Directions: Print the whole listing below exactly, skipping every picture.

Exercise data:
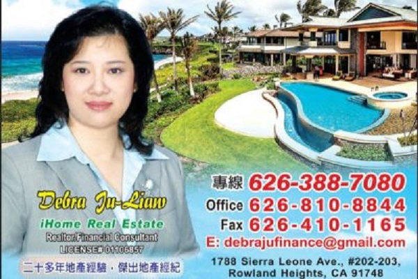 茹善晴(Debra Ju-Liaw)南加资深房地产经纪和 贷款经纪,生长在台湾台北,已融入美国移民 生活多年,秉持我们美国是一个由移民组成的 国家,为新移民和在地居民热忱服务!Debra 是一名优秀的全职资深美国加州地产经纪。 拥有加州房地产执照。十多年丰富地产经验 和专业负责,诚信可靠及用心服务於客人的态 度深受客人的好评, 信任和尊重。帮助很多美 国和中国的客人买到了他们满意而又温馨的家 ,同时和他们建立了亲密友好的关系。帮客人 买到环境好的学区房是我的专长。让您买的放 心,住的安心。
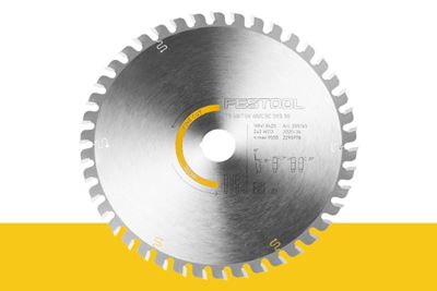 - Las hojas con un menor número de dientes son apropiadas para cortes de separación, por ejemplo, en bordes invisibles o en materiales gruesos como tableros OSB, donde la velocidad es más importante que un borde de corte sin desgarros.
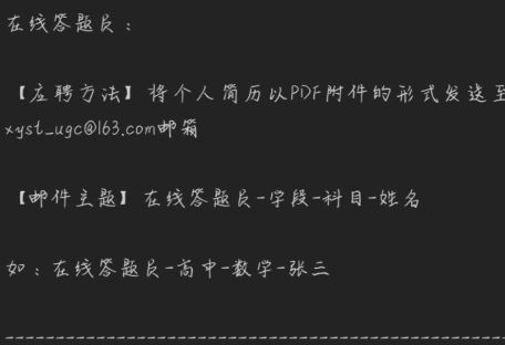 将个人简历以PDF附件的形式发送到xyst_ugc@163.com邮箱中,邮件主题在线答题员,学段还有科目和姓名。
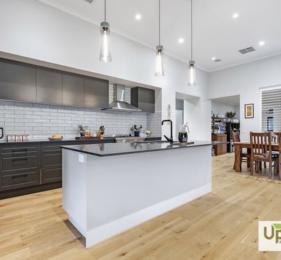 At the heart of the home lies a generous dining zone, adorned with soft sheer curtains and complemented by soaring 3.3-metre ceilings that extend through the living area, creating an airy and elegant ambiance. Anchored by a centrally positioned chef’s kitchen, this space is thoughtfully appointed with upgraded cabinetry, statement pendant lighting, and a generous walk-in pantry—effortlessly combining everyday functionality with timeless elegance, 900mm stainless steel free standing five burner cooktop & oven, a sleek dishwasher and expansive Caesar-stone benchtop that gracefully overlooks the outdoor entertaining area..
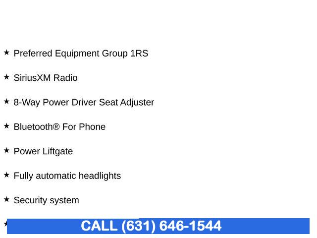 • Floor Liner Package (LPO), Preferred Equipment Group 1RS, 6 Speaker Audio System Feature, 6 Speakers, AM/FM radio: SiriusXM, Premium audio system: Chevrolet Infotainment 3, Radio data system, Radio: Chevrolet Infotainment 3 System w/AM/FM, SiriusXM Radio, Air Conditioning, Automatic temperature control, Front dual zone A/C, Rear window defroster, 8-Way Power Driver Seat Adjuster, Bluetooth® For Phone, Power driver seat, Power steering, Power windows, Remote keyless entry, Steering wheel mounted audio controls, Four wheel independent suspension, Speed-sensing steering, Traction control, 4-Wheel Disc Brakes, ABS brakes, Dual front impact airbags, Dual front side impact airbags, Emergency communication system: OnStar and Chevrolet connected services capable, Front anti-roll bar, Low tire pressure warning, Occupant sensing airbag, Overhead airbag, Rear anti-roll bar, Power Liftgate, Brake assist, Electronic Stability Control, Auto High-beam Headlights, Delay-off headlights, Fully automatic headlights, Panic alarm, Security system, Speed control, Bumpers: body-color, Heated door mirrors, Power door mirrors, Roof rack: rails only, Spoiler, 2 Rear USB Charging-Only Ports, 2 USB Ports & Auxiliary Input Jack, All-Weather Floor Liners (LPO), Compass, Driver door bin, Driver vanity mirror, Front reading lights, Illuminated entry, Integrated Cargo Liner (LPO), Leather steering wheel, Outside temperature display, Overhead console, Passenger vanity mirror, Premium Cloth Seat Trim, Rear reading lights, Rear seat center armrest, Tachometer, Telescoping steering wheel, Tilt steering wheel, Trip computer, Wireless Apple CarPlay/Wireless Android Auto, 2-Way Power Driver Lumbar Control Seat Adjuster, Front Bucket Seats, Front Center Armrest, Front Passenger 4-Way Manual Seat Adjuster, Heated Driver & Front Passenger Seats, Heated front seats, Not Equipped w/Driver & Fr Pass Heated Seats, Split folding rear seat, Passenger door bin, 19" Aluminum Wheels, Alloy wheels, Set of 4 Wheel Locks (LPO), Rear window wiper, Variably intermittent wipers, 3.87 Final Drive Axle Ratio
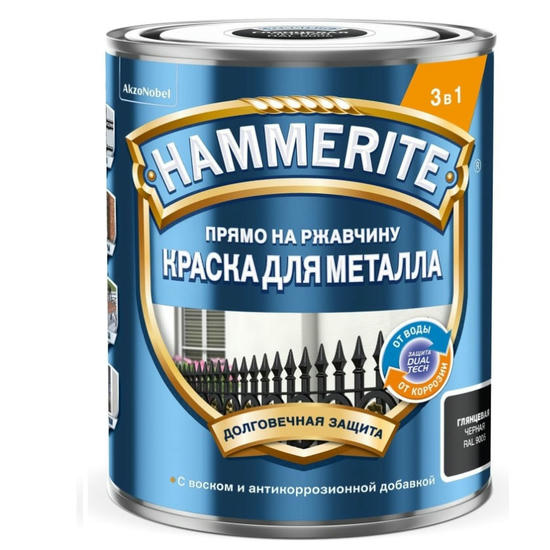 Краска для металлических поверхностей Hammerite гладкая RAL 9005 черная 2 л – гладкая глянцевая прямо по ржавчине Hammerite с формулой 3 в 1 (грунт, ингибитор коррозии, финишное покрытие). Имеет в своем составе антикоррозийные и силиконовые добавки. Применяется для цветных и черных металлов, легко и быстро защищает металл от ржавчины, придает красивый внешний вид поверхности. Краска свободно наносится и гарантирует прочное антикоррозийное покрытие и эффективную защиту от ржавчины на протяжении 8 лет.
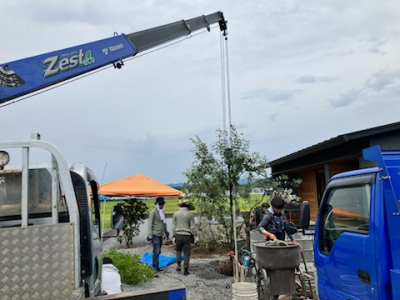 外構工事の仕上げである植栽工事スタートです。
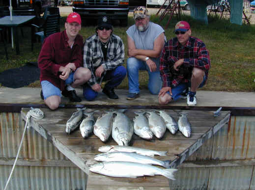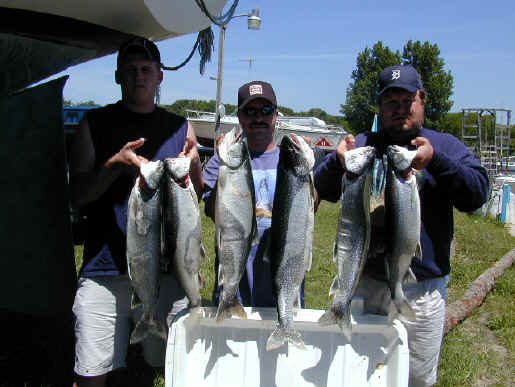 it at all. Tried to find another boat to run the trip and just couldn't. 5/17/01 I'm going to try and finish with the Saugatuck thing this weekend. I should be trailering the boat back Monday. With me being home I'll have time to finish the Bechholds Flasher Deal, Fishlander Spoons, and I'll setting up an account with Luhr Jensen. If you're a member of my E-mail list you'll be entitled to purchased fishing tackle at reduced rates compared to the stores. 5/16/01 I had to cancel the Bill Webb trip for today. Thunderstorms are nothing to mess with, let alone the high winds and heavy rains that accompany them. 5/13/01 8 fish were boated on the 2 Daves charter today after being cancelled out by weather yesterday. Boat Daves are world class folks to fish with. Plus I lost the original story Click here for their catch photo. 5/11/01
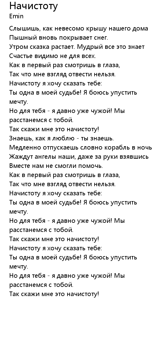 Начистоту  Lyrics
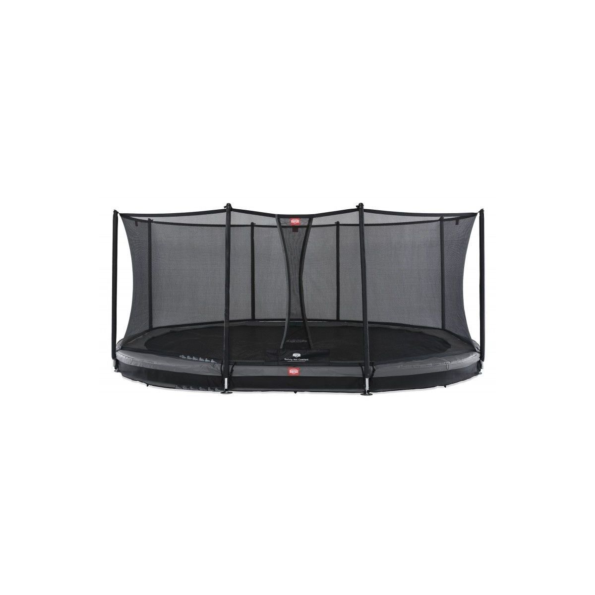 Onder de trampoline is een framenet geïntegreerd. Hierdoor kunnen huisdieren, kinderen of bepaalde voorwerpen niet onder de trampoline in de uitgegraven kuil terechtkomen.
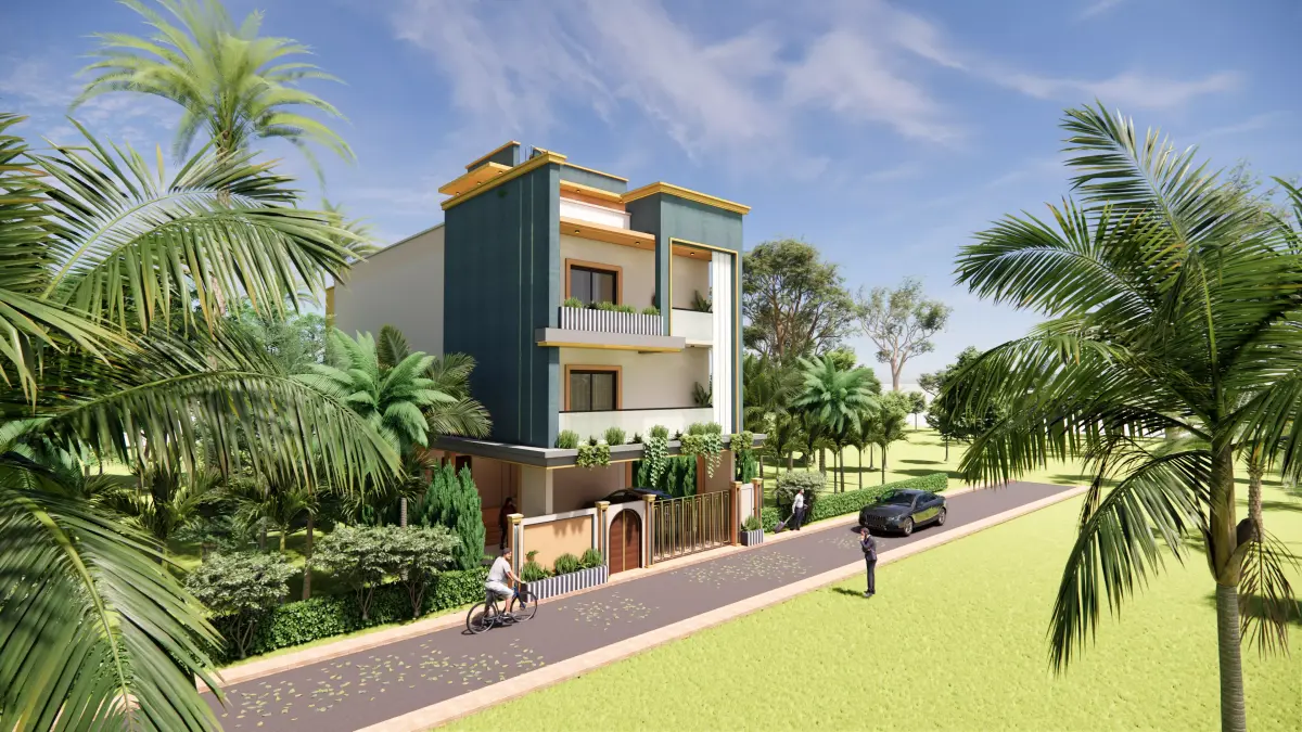 This is a modern independent residential house 3D model designed for small to medium-sized plots.
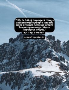 29) ”Life is full of imperfect things and imperfect people and the right attitude helps us create harmony amongst these imperfect people.”

Solution:
 茹善晴(Debra Ju-Liaw)南加资深房地产经纪和 贷款经纪,生长在台湾台北,已融入美国移民 生活多年,秉持我们美国是一个由移民组成的 国家,为新移民和在地居民热忱服务!Debra 是一名优秀的全职资深美国加州地产经纪。 拥有加州房地产执照。十多年丰富地产经验 和专业负责,诚信可靠及用心服务於客人的态 度深受客人的好评, 信任和尊重。帮助很多美 国和中国的客人买到了他们满意而又温馨的家 ,同时和他们建立了亲密友好的关系。帮客人 买到环境好的学区房是我的专长。让您买的放 心,住的安心。
 - Las hojas con un menor número de dientes son apropiadas para cortes de separación, por ejemplo, en bordes invisibles o en materiales gruesos como tableros OSB, donde la velocidad es más importante que un borde de corte sin desgarros.
 将个人简历以PDF附件的形式发送到xyst_ugc@163.com邮箱中,邮件主题在线答题员,学段还有科目和姓名。
 At the heart of the home lies a generous dining zone, adorned with soft sheer curtains and complemented by soaring 3.3-metre ceilings that extend through the living area, creating an airy and elegant ambiance. Anchored by a centrally positioned chef’s kitchen, this space is thoughtfully appointed with upgraded cabinetry, statement pendant lighting, and a generous walk-in pantry—effortlessly combining everyday functionality with timeless elegance, 900mm stainless steel free standing five burner cooktop & oven, a sleek dishwasher and expansive Caesar-stone benchtop that gracefully overlooks the outdoor entertaining area..
 • Floor Liner Package (LPO), Preferred Equipment Group 1RS, 6 Speaker Audio System Feature, 6 Speakers, AM/FM radio: SiriusXM, Premium audio system: Chevrolet Infotainment 3, Radio data system, Radio: Chevrolet Infotainment 3 System w/AM/FM, SiriusXM Radio, Air Conditioning, Automatic temperature control, Front dual zone A/C, Rear window defroster, 8-Way Power Driver Seat Adjuster, Bluetooth® For Phone, Power driver seat, Power steering, Power windows, Remote keyless entry, Steering wheel mounted audio controls, Four wheel independent suspension, Speed-sensing steering, Traction control, 4-Wheel Disc Brakes, ABS brakes, Dual front impact airbags, Dual front side impact airbags, Emergency communication system: OnStar and Chevrolet connected services capable, Front anti-roll bar, Low tire pressure warning, Occupant sensing airbag, Overhead airbag, Rear anti-roll bar, Power Liftgate, Brake assist, Electronic Stability Control, Auto High-beam Headlights, Delay-off headlights, Fully automatic headlights, Panic alarm, Security system, Speed control, Bumpers: body-color, Heated door mirrors, Power door mirrors, Roof rack: rails only, Spoiler, 2 Rear USB Charging-Only Ports, 2 USB Ports & Auxiliary Input Jack, All-Weather Floor Liners (LPO), Compass, Driver door bin, Driver vanity mirror, Front reading lights, Illuminated entry, Integrated Cargo Liner (LPO), Leather steering wheel, Outside temperature display, Overhead console, Passenger vanity mirror, Premium Cloth Seat Trim, Rear reading lights, Rear seat center armrest, Tachometer, Telescoping steering wheel, Tilt steering wheel, Trip computer, Wireless Apple CarPlay/Wireless Android Auto, 2-Way Power Driver Lumbar Control Seat Adjuster, Front Bucket Seats, Front Center Armrest, Front Passenger 4-Way Manual Seat Adjuster, Heated Driver & Front Passenger Seats, Heated front seats, Not Equipped w/Driver & Fr Pass Heated Seats, Split folding rear seat, Passenger door bin, 19" Aluminum Wheels, Alloy wheels, Set of 4 Wheel Locks (LPO), Rear window wiper, Variably intermittent wipers, 3.87 Final Drive Axle Ratio
 Краска для металлических поверхностей Hammerite гладкая RAL 9005 черная 2 л – гладкая глянцевая прямо по ржавчине Hammerite с формулой 3 в 1 (грунт, ингибитор коррозии, финишное покрытие). Имеет в своем составе антикоррозийные и силиконовые добавки. Применяется для цветных и черных металлов, легко и быстро защищает металл от ржавчины, придает красивый внешний вид поверхности. Краска свободно наносится и гарантирует прочное антикоррозийное покрытие и эффективную защиту от ржавчины на протяжении 8 лет.
 外構工事の仕上げである植栽工事スタートです。
 it at all. Tried to find another boat to run the trip and just couldn't. 5/17/01 I'm going to try and finish with the Saugatuck thing this weekend. I should be trailering the boat back Monday. With me being home I'll have time to finish the Bechholds Flasher Deal, Fishlander Spoons, and I'll setting up an account with Luhr Jensen. If you're a member of my E-mail list you'll be entitled to purchased fishing tackle at reduced rates compared to the stores. 5/16/01 I had to cancel the Bill Webb trip for today. Thunderstorms are nothing to mess with, let alone the high winds and heavy rains that accompany them. 5/13/01 8 fish were boated on the 2 Daves charter today after being cancelled out by weather yesterday. Boat Daves are world class folks to fish with. Plus I lost the original story Click here for their catch photo. 5/11/01
 Начистоту  Lyrics
 Onder de trampoline is een framenet geïntegreerd. Hierdoor kunnen huisdieren, kinderen of bepaalde voorwerpen niet onder de trampoline in de uitgegraven kuil terechtkomen.
 This is a modern independent residential house 3D model designed for small to medium-sized plots.
 29) ”Life is full of imperfect things and imperfect people and the right attitude helps us create harmony amongst these imperfect people.”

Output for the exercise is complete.